Ia mengatakan: “Delegasi telah diminta secara resmi, dan Komnas HAM Indonesia akan memberikan laporan resmi dengan bukti-bukti untuk melaksanakan berbagai rekomendasi, terutama yang terkait dengan penegakan hukum.”Berdasarkan kejadian pada 7 Desember 2020, enam anggota laskar FPI ditembak mati oleh polisi karena diduga menyerang seorang petugas.

Komnas HAM menyimpulkan empat dari kematian enam anggota FPI adalah pelanggaran hak asasi manusia. Pasalnya, keempatnya tewas di bawah kendali polisi. Berdasarkan kesimpulan tersebut, Komnas HAM merekomendasikan agar keempat anggota paramiliter FPI tersebut terus dibunuh di pengadilan pidana.
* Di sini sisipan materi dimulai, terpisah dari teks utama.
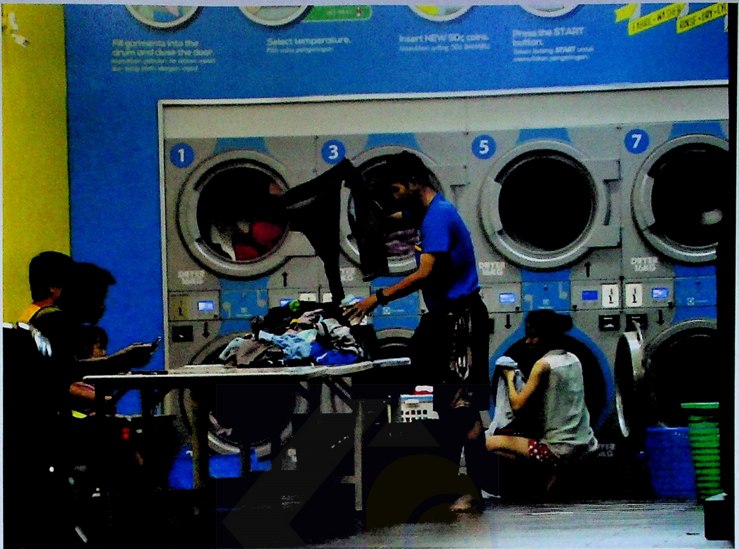
Dobi layan diri tidak boleh beroperasi sepanjang tempoh perintah kawalan pergerakan bagi mengelakkan orang ramai berkumpul.

15. Adakah penghantar barangan non-food seperti lampin padsanitari dikira sebagai essential item?

Untuk menindaklanjuti hasil penyelidikan dan rekomendasi Komnas HAM, Jenderal Idham Azis, Kapolri saat itu, membentuk tim khusus yang terdiri dari Bareskrim Polri, Badan Hukum Polri, dan Propaganda Polri. Tugas Satgas ini adalah mengusut dugaan pelanggaran HAM oleh polisi terhadap empat orang terbunuh FPI Laskar.